Меч императора Нерона (Иманов) - страница 29

Сенека полагал, что, посылая к нему Никия, Павел хотел иметь возможность хотя бы смягчать такие гонения. Кто же еще, кроме Аннея Луция Сенеки, учителя Нерона, фактического правителя Рима, мог здесь помочь?

Тут Павел не ошибался, но он упустил время. Оттуда, из колоний, не могло быть видно, как потускнела звезда влияния и власти Сенеки. Еще полгода назад Павел вполне мог на него рассчитывать, но теперь...
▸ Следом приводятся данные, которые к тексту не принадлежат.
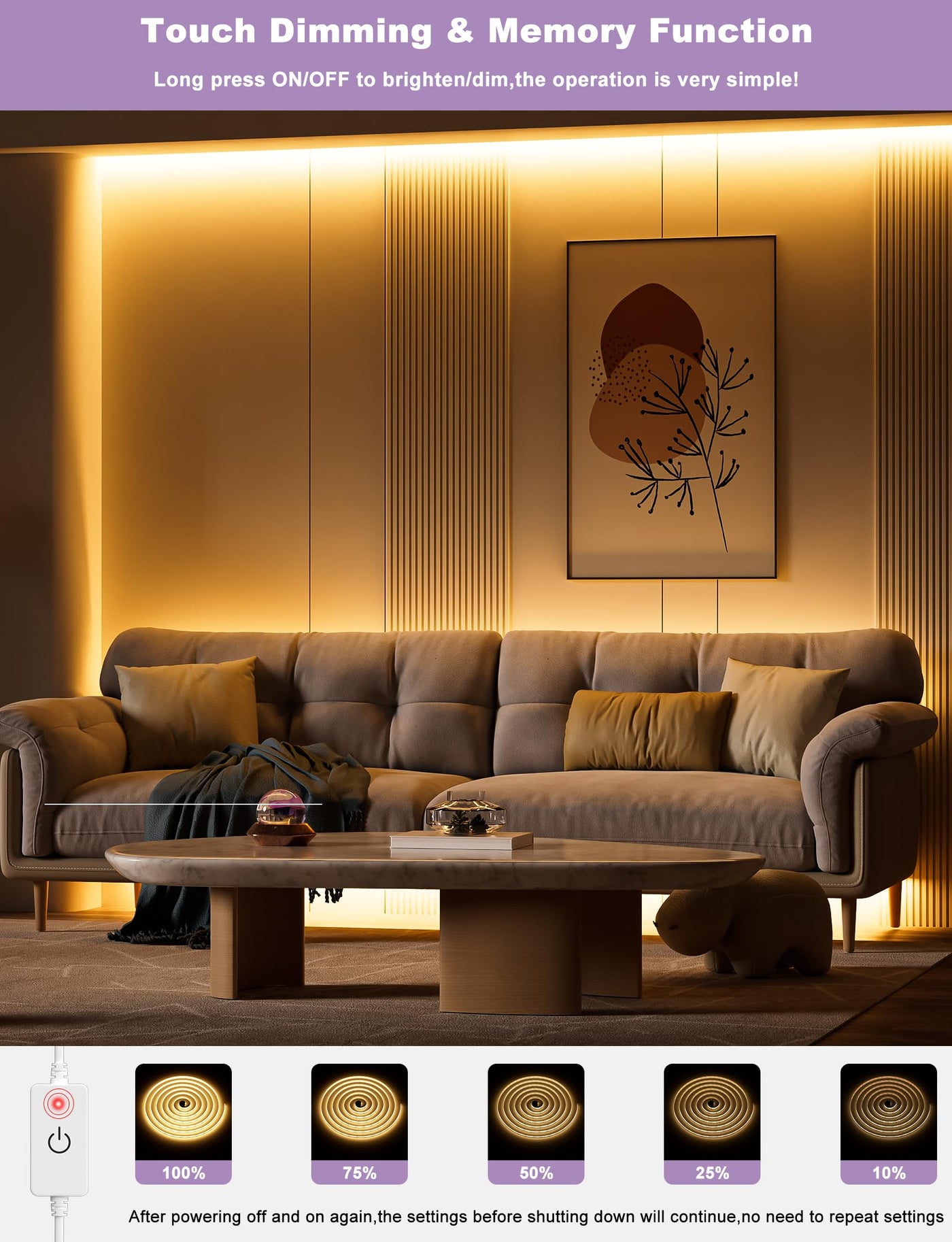 Miwise Led Strip Lights,Super Bright 5V Usb Cob Tape Light 9.84Ft/3M 2700K Warm White With Touch Dimmer Switch,Cri90+ Flexible Dimmable Tv Backlights,For Mirrors,Under Cabinet,Home Diy Projects

Впрочем, эти планы Павла представлялись Сенеке все-таки домыслами, и он отдавал себе отчет в том, что вполне может заблуждаться на его счет. Но, как бы там ни было, он с радостью принял Никия, и мальчишка ему понравился. Он думал, что тот станет переманивать его в свою веру, открыто или исподволь подводить разговоры к этому вопросу. Но он ошибся — Никий ничего такого не говорил и, более того, словно бы сам избегал разговоров о вере и этике назареев. Но мальчишка был интересный. Да, собственно, мальчишкой его могли назвать только по годам, тогда как ум его оказался уже вполне зрелым, а знания довольно обширны, хотя и не очень глубоки. Сенека с интересом беседовал с ним — его суждения бывали порой свежи и необычны. Временами старый философ чувствовал этого юношу равным себе. По крайней мере, равным себе собеседником.

Одно только не нравилось сенатору — какая-то почти болезненная преданность Павлу, или, как неизменно называл его Никий, учителю. Не сама эта преданность раздражала Сенеку, а очевидная зависимость Никия от учителя. Говоря о вещах, к учителю не относящихся, он изъяснялся совершенно свободно, мыслил остроумно и живо, и Сенеке было приятно следить за ходом его рассуждений. Но если хоть что-нибудь касалось учителя, а тем более его проповедей — тут Никий делался совершенно невыносим: упорно повторял положения, высказанные Павлом, и ни за что не желал посмотреть на них критически. Мало того, если Сенека начинал рассуждать о своих разногласиях с Павлом — а он всегда делал это осторожно, с очевидным уважением к далекому проповеднику, — то Никий замыкался, смотрел себе под ноги, и порой сенатору казалось, что он его просто не слышит. Порой Сенека относился к этому снисходительно, но бывали минуты, когда он раздражался и не умел себя сдержать.

— Ты раб Павла, а не его ученик! — однажды вскричал он в сердцах.

Никий медленно поднял голову, пристально посмотрел на сенатора, и последний с удивлением заметил в его взгляде снисходительность, а не злость. Никий с жалостью посмотрел на Сенеку и тихо ответил:

— Человек не может быть ничьим рабом, потому что он раб одного только Бога.